Any of this ring true?
/chuh chuh
You can thank American Pie and Big Daddy Drew for those reactions.
@Dennis
Actually, people have done that, I think it was back in 2006. It was funny to read, although they admitted it was a lot of work. And yes, they all got sick. I think it was posted on a myspace blog, so good luck finding it, it’s worth it.
Well aren’t you a tall drink of water, Mr. Kurp. (*bats eyelashes*)
I’m assuming there will be a Flaming Moe–er, Homer during your drinks post?

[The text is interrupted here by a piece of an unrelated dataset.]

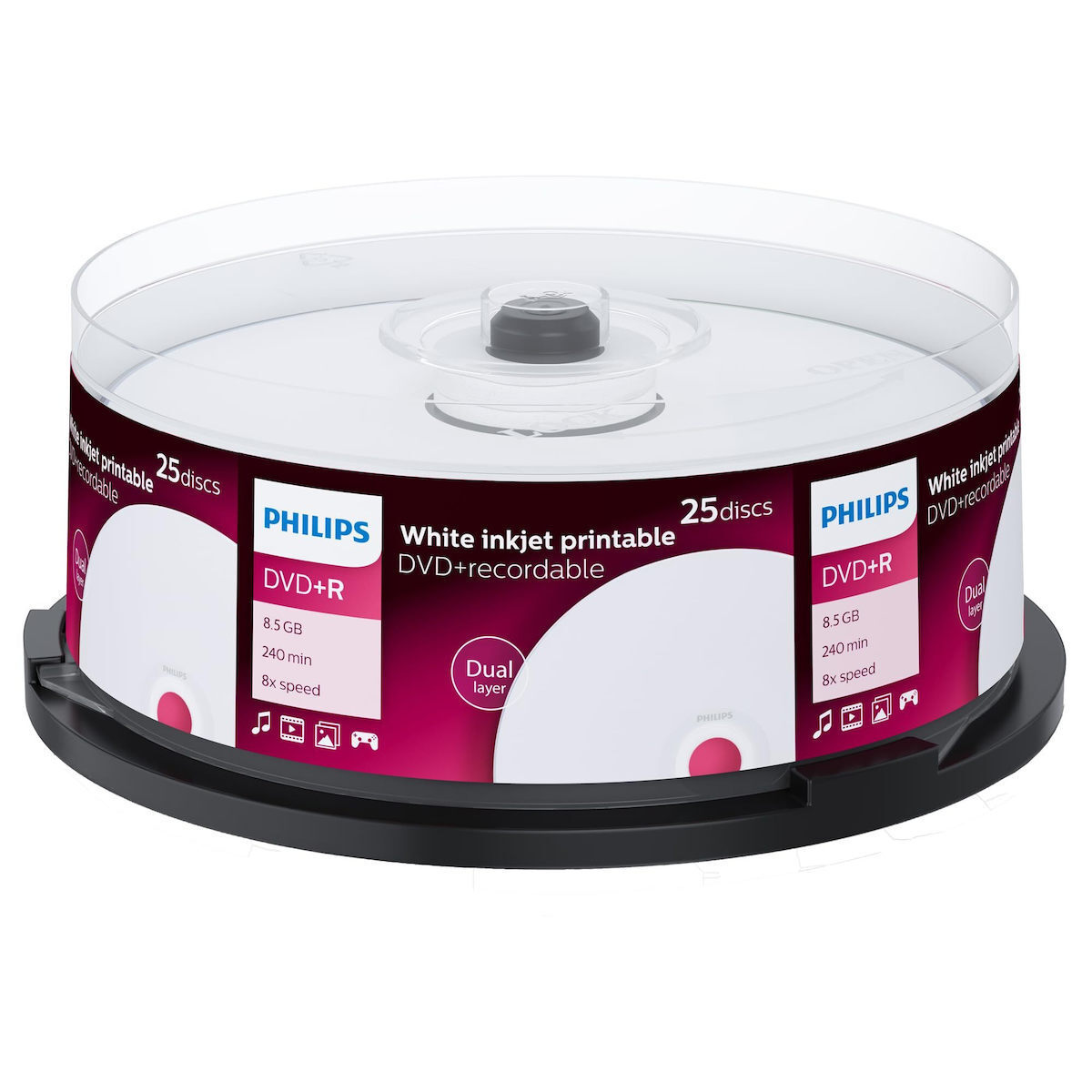 Το Philips DVD+R 12cm 1x25 8,5GB DL 8x IW SP είναι δίσκοι οπτικής αποθήκευσης μιας χρήσης (write-once) με χωρητικότητα 8,5 GB ανά δίσκο και δυνατότητα εγγραφής έως 8x. Πρόκειται για δίσκους double-layer DVD+R, κατάλληλους για αποθήκευση βίντεο, δεδομένων και άλλων ψηφιακών αρχείων σε συμβατές συσκευές εγγραφής DVD. Η συσκευασία περιλαμβάνει 25 δίσκους σε spindle/cake box, με print surface και τυπική διάμετρο δίσκου 12 cm. Η συνολική διάρκεια αποθήκευσης φτάνει περίπου τα 240 λεπτά ή 4 ώρες ανά δίσκο, ενώ η εγγραφή ενός πλήρους DVD μπορεί να ολοκληρωθεί σε περίπου 8 λεπτά. Κατασκευαστής είναι η Philips, με MPN DR8I8B25F/00 και EAN 8712581383787.

You could also do a 40 gallon malt liquor beer (but that might just be my alcoholism talking).
And seriously, the Taco Town needs to happen if you can get access to an actual kitchen in a restaurant.
Bass-o-matic anyone?
I want that burger.
I was going to suggest the Cornballer, but that’s more of a machine than a food. Plus, I don’t want any of y’all to catch fire and/or die.
I’d like to request a couple Simpsons’ classics:
1) lobsters stuffed with tacos
2) cloves, Tom Collins mix, frozen pie crust
Fuck you Arby’s rules
Any Arrested Development meal should involve a stew made by Carl Weathers
if you’re going to do an SNL commercial, why not the Taco Town (i think it was) where the taco gets bigger and bigger and eventually is wrapped in a pizza. maybe for next time?
[www.nbc.com]
This is not a post to read when hungover.
With a warning like DO NOT order the Skip’s Scramble, how can you not take that as a challenge from Arrested Development?
You guys should’ve done Bill’s Drink in the rainbow snakeskin shorts. They would’ve helped it go down smoother.
First woman to write on WG and she gave us, “I shoved the eggs into my mouth as quickly as I could.” YAYAYAY! Proud : )
I’m so happy to see the KCF Shredder I could cry.
We didn’t do the Taco Town meal because it’s been done many times by other websites who I’m not about to give free publicity to. I’m sure it’s fantastic, though, and we’ll probably make it for fun.
I declare, @Danger, you are being mighty forward. Do go on.
I have a challenge. The Luther Burger from The Boondocks.
[www.youtube.com]
If you’re doing drinks, please do a flaming Homer.
@TF88: It’s not a challenge; it’s a well-established Paula Deen recipe that’s also served at Mulligan’s in Decatur, GA:
[www.foodnetwork.com]
[www.webcitation.org]
From How I Met Your Mother Season 1 “Belly Full of Turkey” episode, the “thanks-tini”
Barney: It’s a thanks-tini, cranberry juice, potato vodka, and… a boullion cube.
@Matt: I did not know that. Then again, I don’t watch or read a lot of Paula Deen recipes. I humbly withdraw my challenge.
geeze-us how tall is the tall guy? or has matt been 5’2″ this entire time?
This is a load of rich creamery butter.
The guy in the plaid shirt was amazing in the Lord of the Rings trilogy.
@Jen If I known I was breaking Warming Glow’s female cherry, I would’ve been far, far, far more explicit.
Thanks guys, for subjecting yourselves to this. Good lord I love these. Informative, entertaining, and now, with a woman’s touch!*
*seriously though, it was just a touch.
If you do drinks, you probably have to try that booze smoothie from Happy Endings (the one Zach Knighton invented the week after he was abandoned at the altar).
You guys should come out with a cook book or pamplet of some sort.
I ate it as quickly as I could, but still felt slightly nauseated for some time afterwords.